Soraya described her time in Paris as "every day my heart was filled with sunshine. Life was light... it was wonderful to be able to go to the cinemas, to drink a glass of lemonade on the terrace of the brassie... a pleasure forbade." Soraya wrote about her joy at attending school in Europe, unlike the Iranian schools with "the grey uniform, the stove which smoked and polluted the classroom, lessons, homework, work to the point of exhaustion".
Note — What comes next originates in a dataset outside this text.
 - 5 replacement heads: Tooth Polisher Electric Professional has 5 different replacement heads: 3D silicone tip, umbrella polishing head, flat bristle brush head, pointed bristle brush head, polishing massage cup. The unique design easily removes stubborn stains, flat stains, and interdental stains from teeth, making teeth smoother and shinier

In October 1954, Mohammad Reza told Soraya he was concerned about the fact that she had not given him an heir and suggested that they visit the United States to seek the help of American fertility doctors. In 1954-55, the Imperial couple paid a lengthy visit to the United States, leaving on 5 December 1954. In New York, Soraya visited doctors who assured her that an inability to bear a child was due to the "shocks, upsets and vexations of the last two years", which reassured her, but in Boston, the doctors told her she was infertile and could never have children. Much of the length of their trip was due to the Shah's efforts to do something to console Soraya who took the news that she was infertile very badly. Unaware of what the doctors had revealed to Soraya, Newsweek sarcastically wrote "even the Shahanshah (King of Kings), Vice Regent of God, Shadow of the Almighty and Center of the Universe deserves a vacation....They [the imperial couple] have spent this winter in a private visit to the U.S...physical check-ups in New York hospitals, sight-seeing in San Francisco, dancing the mambo in Hollywood, skiing in Sun Valley, water-skiing in Miami Beach".
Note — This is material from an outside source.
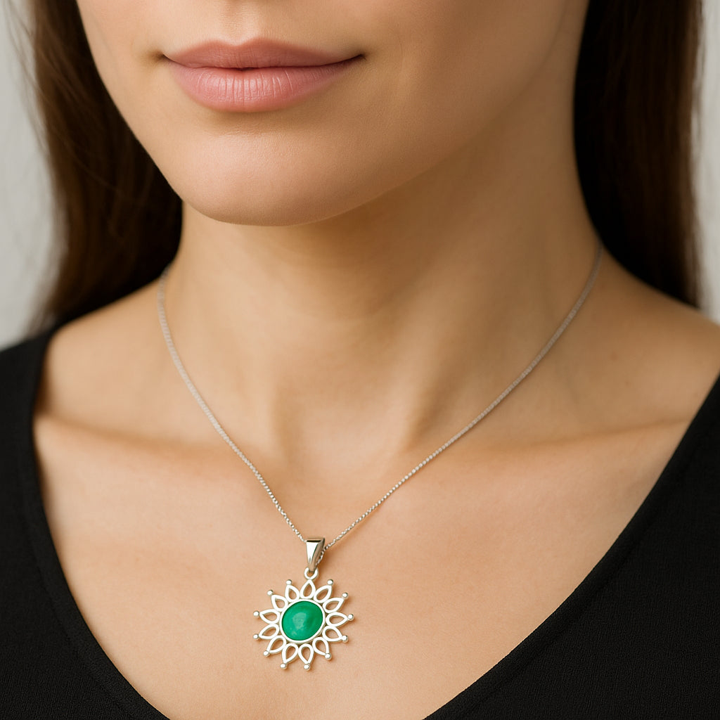 Colgante Flor Circón Craquelado Esmeralda

Soraya was fascinated with Hollywood and enjoyed meeting American film stars during her stay in Los Angeles. During her time in Los Angeles, Soraya met her favorite stars who were Grace Kelly, Lauren Bacall, Bob Hope, Esther Williams, and Humphrey Bogart. A photograph of Queen Soraya water-skiing in Miami while wearing a bikini became extremely controversial in Iran. Soraya was widely condemned for the immorality of wearing her swimsuit, which was not considered a proper dress for a Muslim, and the photo was banned in Iran in an attempt to silence the criticism of the ulama.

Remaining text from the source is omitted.